ARTIST STATEMENT
Raised in an artistic family, the tools for creative expression were a familiar part of my world. As a child, drawing gave me playful access to the exciting contents of fantasy and imagination. This playful communion with fantasy would later mature into the creative exploration of the patterns of my soul, and the celebration of the forces of life.
My childhood preoccupation with dreams and imaginal worlds would soon lead me to the masters of imaginative painting. But it wasn't mere "fantasy" art that would call to me, but an art with a particular revelatory power. I longed for an art that would contemplate the jewel of wisdom hidden within and reveal the glory and mystery of being, an art sublimed with grace and beauty, subtle, yet profoundly ecstatic and mythically bold in its declaration. ..
My early interest in all things arcane and mystical arose from my sensitivity for synchronistic experiences and profound vivid dreams, which in turn lead me to question our common perceptions of reality, imagination and being. I found myself drawn to various esoteric subjects ranging from comparative religion and mythology to Jungian psychology, alchemical and tantric symbolism, exotic physics and the frontiers of consciousness and dream research.
But it was these unique dream experiences that would awaken an undeniable call to devote myself to the development of a numinous artistic vision. A new beginning in my creative journey arose after a series of peak dream experiences that culminated at the age of nineteen. These "supernatural events of the soul" comprised of out-of-body experiences and lucid "waking" dreams, some of which involved brief encounters with mysterious adepts or messengers. On three occasions during my lucid dream practice I awoke enveloped in a fiercely radiant golden light, moving rapidly towards its blazing white center.

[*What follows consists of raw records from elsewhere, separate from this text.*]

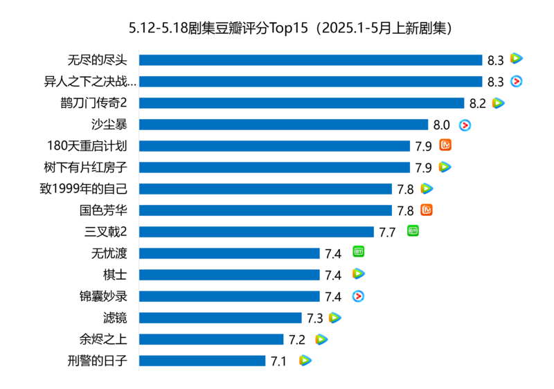 下图为上周剧集豆瓣评分Top15,截止上周,今年有4部作品豆瓣评分在8分以上。上周上榜作品和前一周相比没有变化。
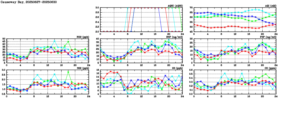 | Air Quality Data Time Series in Causeway Bay (2025/06/30) | ( Line colors: Day -3 Day -2 Day -1 Current day ) | 2D Map Current AQHI |
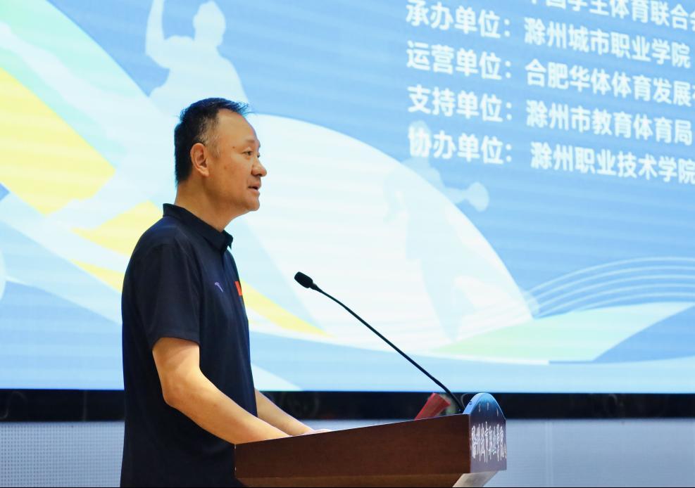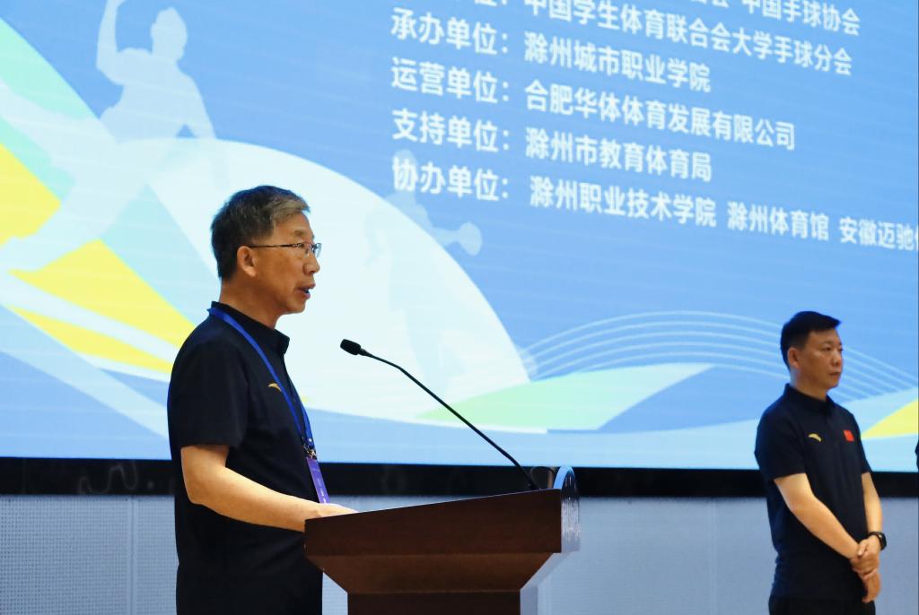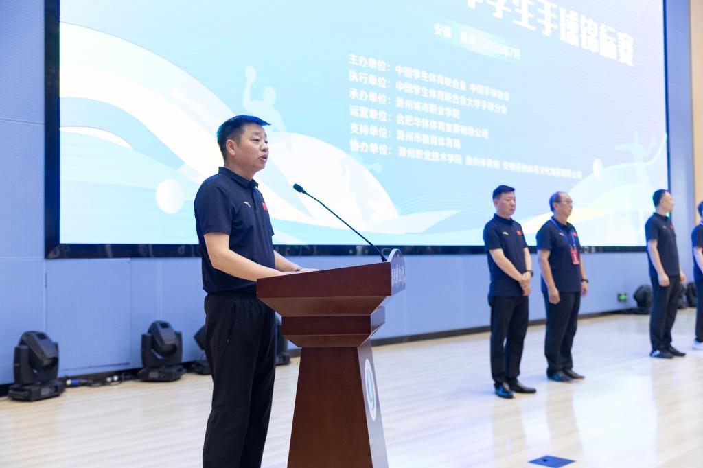 滁州城市职业学院党委书记王燕永致欢迎词,他表示,学校一直致力于体育事业的发展,特别是手球运动。学校积极推广手球文化,开设手球选修课,组建专业手球队伍,建设专业场地,近年来在各类比赛中屡获佳绩,为滁州手球事业的发展做出了积极贡献。他强调,此次承办锦标赛,既是对学校体育工作的肯定,也是学习、交流、提升的一次宝贵机会,学校将全力做好赛事服务和保障工作,确保比赛顺利进行。
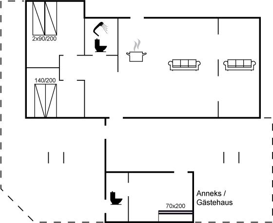 Der er i alt 3 soveværelser. Sovepladserne fordeler sig på: 4 sovepladser i dobbeltsenge. 2 sovepladser i køjeseng. 2 sovepladser på madrasser. 2 af disse sovepladser befinder sig på husets hems, og 2 befinder sig i anneks.
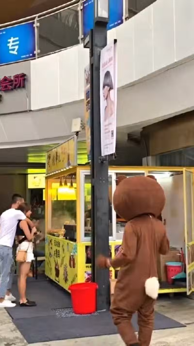 只見一系列照片中,穿著熊玩偶裝的男主角出現在一個公眾場合中,
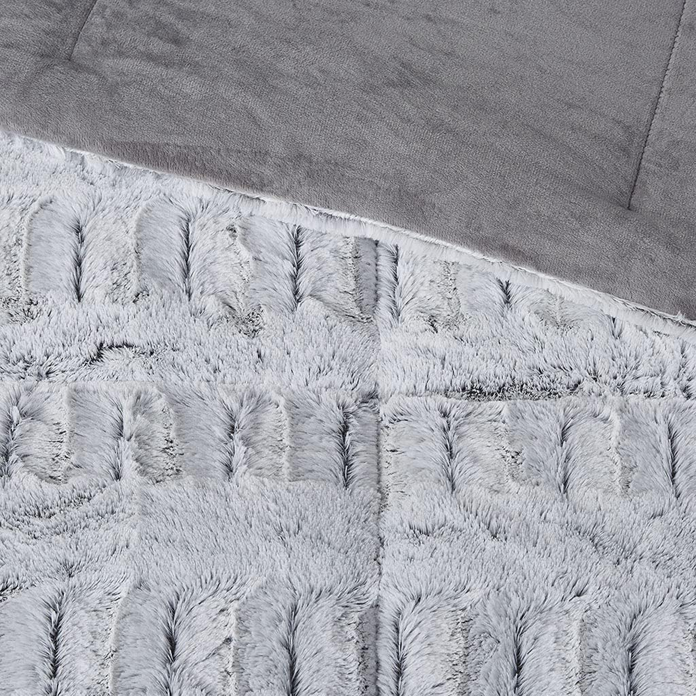 100% Long Faux Fur to Solid Mink Sleep in luxurious softness with the Madison Park Gia Long faux fur Comforter Set. For best results, use "no heat" or "air fluff" on your dryer to remove loose fibers The ultra-soft blush comforter brushed faux fur on the face that flips to a soft mink reverse, for a luxurious look and feel. Long faux fur design comforter provides exceptional warmth and comfort. Set Includes: 1 Comforter: 90"W x 90"L, 2 Standard Shams: 20"W x 26"L + 2"D CARE: Machine wash cold on gentle cycle, tumble dry on low heat, and do not bleach to keep the color vibrant. Commercial size washer is recommended. Minor shedding is expected with faux fur material and should subside after 3-4 washes Sleep in the pure softness and comfort of the Madison Park Gia Back Print Long Fur Comforter Mini Set. The ultra-soft grey comforter flaunts a stylish brushed faux fur on the face that flips to a soft faux mink reverse, for a luxurious look and feel. Matching shams (1 sham for Twin sizes) mirror the design of the comforter and feature a 2-inch flange to complete the comforter set. Hypoallergenic filling in the faux fur comforter provides exceptional warmth and comfort, while the end-to-end box stitching keeps the filling in place. Incredibly soft, this reversible long fur comforter mini set brings the perfect amount of comfort and glamorous style to your bedroom decor. This comforter is OEKO-TEX certified, meaning it does not contain any harmful substances or chemicals to ensure quality comfort and wellness.

Upon opening my eyes, I felt what could only be described as a sense of being reborn. Everything around me looked new, and I felt this wonderful sense of peace and clarity that would last for months. Whether real or illusory, these experiences inspired in me an acute sense of the astonishing miraculousness of everything.
To this day I feel that somehow these experiences may have caused an acceleration in the progress of my artwork. Perhaps this leap in my artistic ability was the result of my newfound focus and devotion, but what was unfolding was an imagery that would be the basis of my work today. Many years later, it would be the entheogenic experience that would recharge my inspired reverence for the ecstatic visionary possibilities of the imagination.